Oh, and then there was the pain of meeting GL’s mom. GL has not adjusted well to high school. He is terrified daily and won’t even say hi to his teachers. Our other kids try to talk to him and be friends with him, but he won’t say one word to them and actually looks terrified if they speak to him. But he’s sad he has no friends. Ms. L and I watched his mother turn from encouraging to mad as shit (her word) because GL hadn’t turned in any history homework yet. But her anger was dispassionate: she seemed like she was trying to make herself mad enough to really yell at him. For our benefit (so we would see she cared?). She told GL that she wanted to “jump across the table and strangle him,” and it was unconvincing but terrifying. Clearly, the kid needs more therapy than we can provide.

Really. Think about it.
081022: Day 35
I expect a certain amount of chaos in the classroom the morning after I return from a day off school. It’s usual to find books strewn about, handouts left on desks, and the desks themselves scattered about the room. Last year, my sixth period seniors stole all of my candy one day I was out, which was disappointing but not entirely unexpected.

So, I wasn’t surprised to find chaos in my room: my fake flowers were falling down, the desks were everywhere, books left on the floor, desk and heater, etc. But I also found one of the stupid little toys on my desk underneath the lawn chair, a desk covered from edge to edge in blue pen scribble, my candy bucket empty (though I told Ms. L to empty it and eat the candy, in order to prevent my kids from doing that–I wonder if she did?), and my bouncy ball stolen.

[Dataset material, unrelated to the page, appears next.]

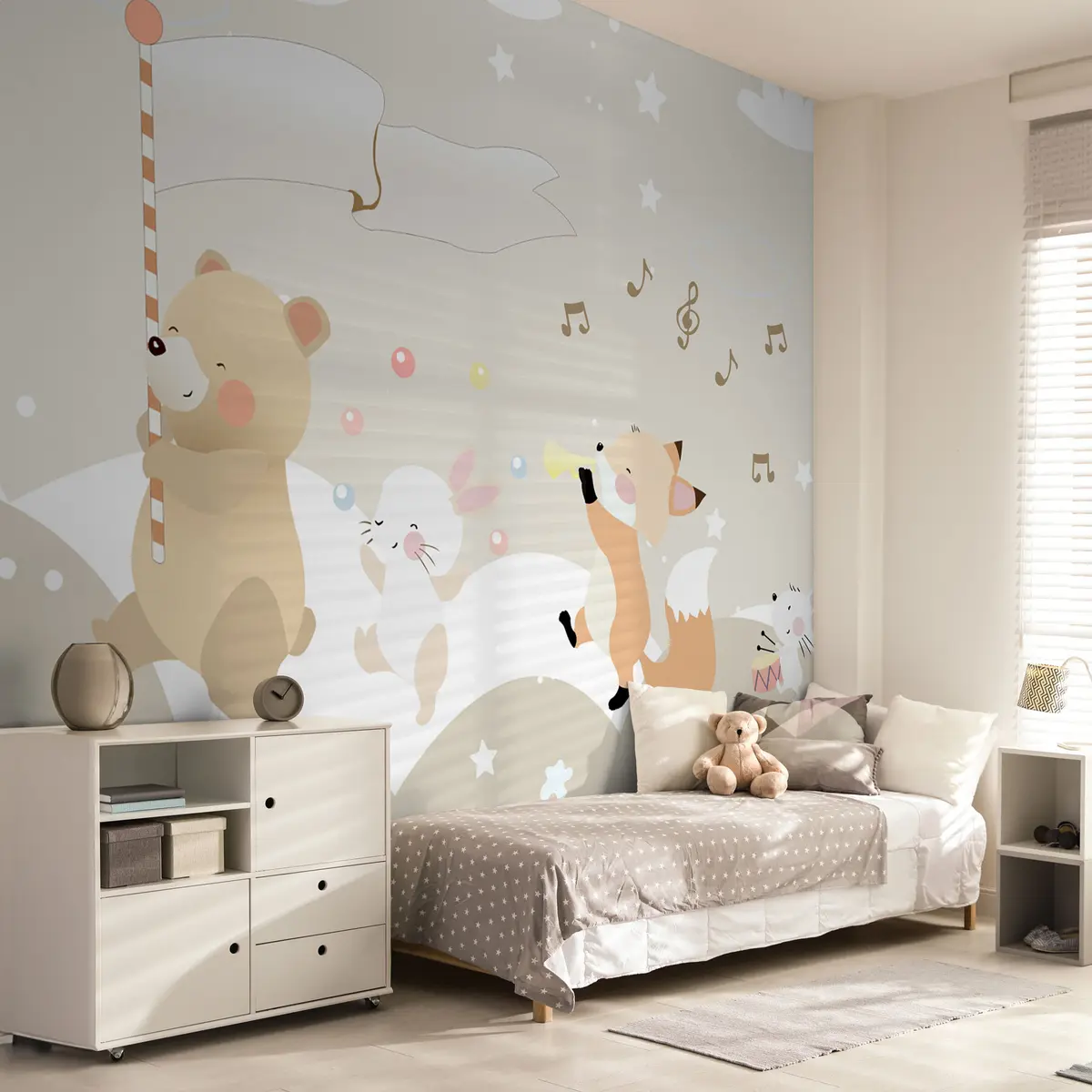 Fototapetes Tapetes dizains bērnu istabai ar mīļiem dzīvniekiem rozā krāsās Nr. u98969

So far this year, my kids have stolen 10 or so overhead markers, uncountable pens and pencils, and my purple math pencil that Ms. V gave me for my birthday last year. The loss of pens and pencils I take as a given–I bought a lot to compensate for this–but the overhead markers, my bouncy ball and my math pencil kind of piss me off. I have to buy new overhead markers, and those fuckers are expensive. I know my kids understand the difference between “mine” and “yours.” Why can’t they apply that knowledge so I don’t have to spend more money?

Monsters from Target.
081021: Day 34
I played hookie, and it was good.

I made peanut butter squares and peanut butter cookies and chocolate chip cookies to get ready for Parent-Teacher Night, except the peanut butter squares are just for me and Jeff. Yum.

I spent hours on the bed reading Clown Girl, which people on Goodreads seem not to like but has me completely enamored.

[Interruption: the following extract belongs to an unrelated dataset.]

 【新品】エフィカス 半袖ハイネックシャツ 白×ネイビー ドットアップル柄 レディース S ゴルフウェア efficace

We got cable. Our cable woman sounded exactly like Paula Poundstone and had a manicure. She was awesome. I proceeded to waste the rest of the day coloring my flocked monster poster with my tiny crayola markers and watching TV.

First frost of the year.
081020: Day 33
KC (see Day 19) has been doing pretty well in my class the past couple weeks. That doesn’t mean he’s being good, per se, just that he’s being good enough in fourth period. Fortunately for him, his good behavior saved him when Dean B brought him to my door at the beginning of the period.

Dean B was quite excited and ready to take KC on down to room 144, our in-house suspension and SAVE room, probably because KC was talking smack at him and just generally making life in the hallways hard: “Ms. G, you want me to take him down to 144? I would love to . . . I’ll be on this hallway all period. If you have any problems at all, I’ll be happy to . . . ” etc., etc.

I couldn’t in good faith send KC away, though, because he’s been doing his work in my class and kind of containing himself–only one or two dolphin screeches a day.